Bolsonaro tem que cumprir pena – O presidente da CUT Rio, Sandro César, lembrou que Bolsonaro vem fazendo demagogia dizendo estar seriamente doente para não continuar preso. “Ele cometeu um crime muito sério, num esquema que planejava, inclusive, assassinar o presidente Lula, o seu vice, Geraldo Alkmin e o ministro do STF, Alexandre de Moraes, no chamado Punhal Verde e Amarelo. Foi condenado a 27 anos e tem que cumprir a pena na prisão”, disse.

O estudante João Pedro, do Movimento da Juventude Socialista, lembrou que este ano começa com uma situação muito delicada, com ataques da extrema-direita, em vários países, mostrando ser um movimento articulado. Citou como exemplos, o ataque militar do governo de Donald Trump à Venezuela, com o sequestro do presidente venezuelano Nicolás Maduro e de sua esposa, Cília Gonçalves, numa sinalização concreta de que pode usar a força em países com governos independentes, como a Colômbia, o México e o Brasil. Citou também a continuidade do genocídio em Gaza. “Temos que ficar atentos, ir para as ruas para defender, portanto, não só a soberania da Venezuela, mas a dos demais países, incluindo a do Brasil, pois estamos sob ameaça”, argumentou.

Ficar atentos – Paulo Farias, presidente da central sindical CTB, do Rio de Janeiro, lembrou que não ter dado certo a tentativa de golpe de janeiro de 2023 não quer dizer que a ameaça está afastada. Acrescentou que os golpes que a extrema-direita quer impor, seja aqui como em outros países, têm como base a violência, o desrespeito aos valores humanos, à democracia, mas também a retirada de direitos dos trabalhadores.

“Por isto, este ano, a tarefa do povo brasileiro é dizer não aos que tentam acabar com a democracia e os direitos, e apoiar os que a defendem e têm como projeto governar com medidas que atendam à população, e isso quem faz é o governo Lula. A nossa luta agora é para eleger Lula e também deputados e senadores que lhe deem uma base parlamentar folgada para melhorar a qualidade de vida do povo brasileiro”, argumentou o dirigente.

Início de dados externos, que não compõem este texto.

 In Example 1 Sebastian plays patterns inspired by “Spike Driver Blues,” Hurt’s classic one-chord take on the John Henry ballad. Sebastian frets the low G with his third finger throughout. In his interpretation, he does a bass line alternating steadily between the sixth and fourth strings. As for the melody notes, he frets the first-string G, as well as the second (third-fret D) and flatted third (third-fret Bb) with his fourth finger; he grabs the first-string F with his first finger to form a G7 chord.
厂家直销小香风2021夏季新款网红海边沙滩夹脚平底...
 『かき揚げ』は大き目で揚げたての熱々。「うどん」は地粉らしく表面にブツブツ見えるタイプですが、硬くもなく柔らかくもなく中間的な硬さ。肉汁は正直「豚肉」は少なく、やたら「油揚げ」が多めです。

A presidenta da Federa, Adriana Nalesso, também vice-presidenta da CUT Rio, também argumentou que o povo está indo às ruas para defender a democracia brasileira contra os ataques da extrema-direita. “Existe no mundo uma tentativa da extrema-direita de enterrar a democracia em vários países. Por isto, temos que estar atentos e unidos para impedir que isto aconteça e, ao mesmo tempo, lutar pela reeleição do presidente Lula e a eleição de um Congresso comprometido com a população, a soberania e o desenvolvimento do Brasil”, pontou.

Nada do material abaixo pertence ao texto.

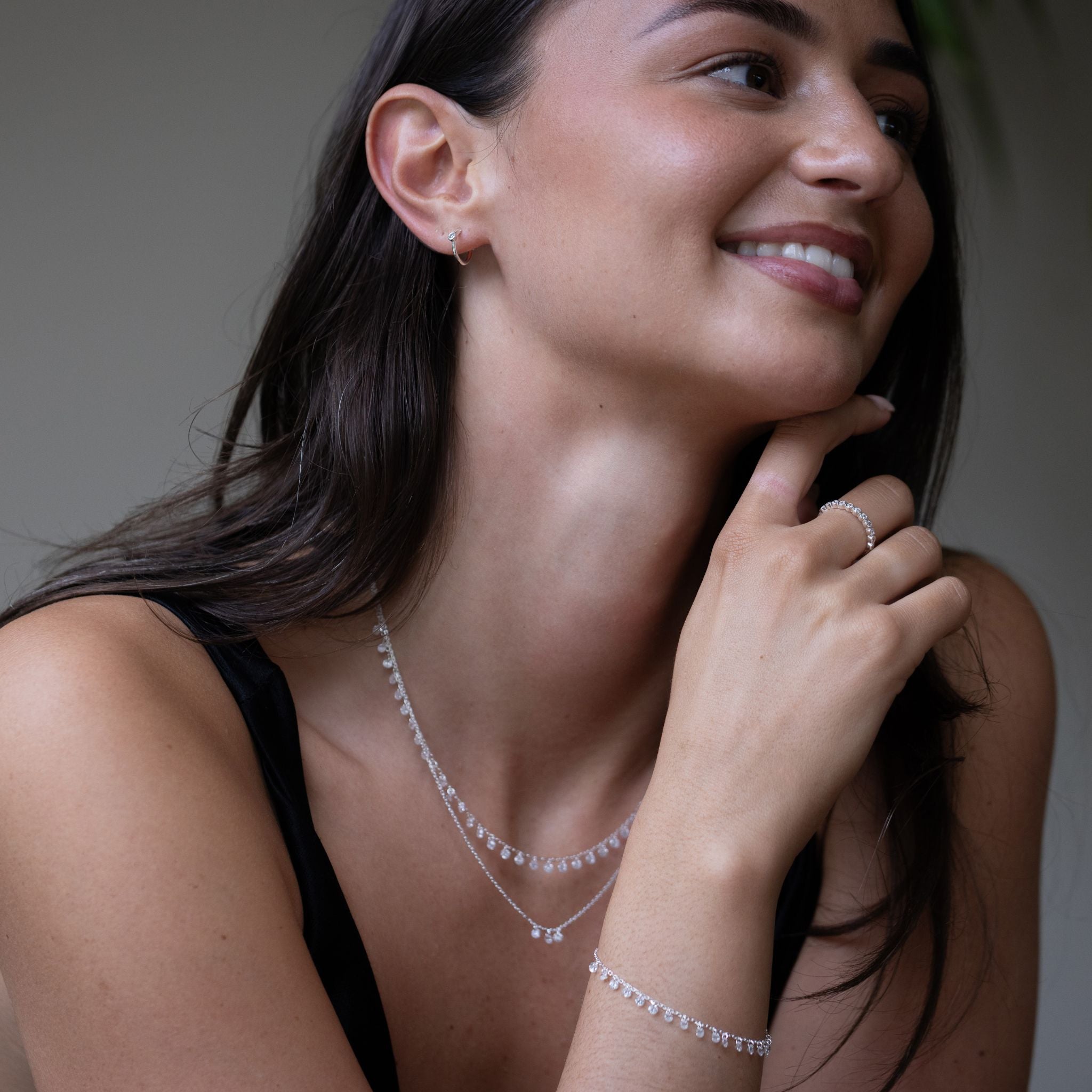 Featuring a trio of twinkling cubic zirconia, suspended magically for a delicate floating effect. The perfect way to add a little sparkle to any look!

Carlos Serra, do PT de Niterói, classificou os atos desta quinta, como o início de muitos outros que vão se suceder para cobrar direitos da população, durante e eleição. Vinicius Benevides, da Unidade Popular, frisou que o golpe de 2023 não se concretizou porque os trabalhadores foram para as ruas. “Agora temos que voltar a elas para exigir a punição de quem tramou o golpe e, neste ano, continuar nos mobilizando para apoiar, nas eleições, os que defendem um projeto popular voltado para a população, e contra os que atacam a vida dos trabalhadores”, afirmou.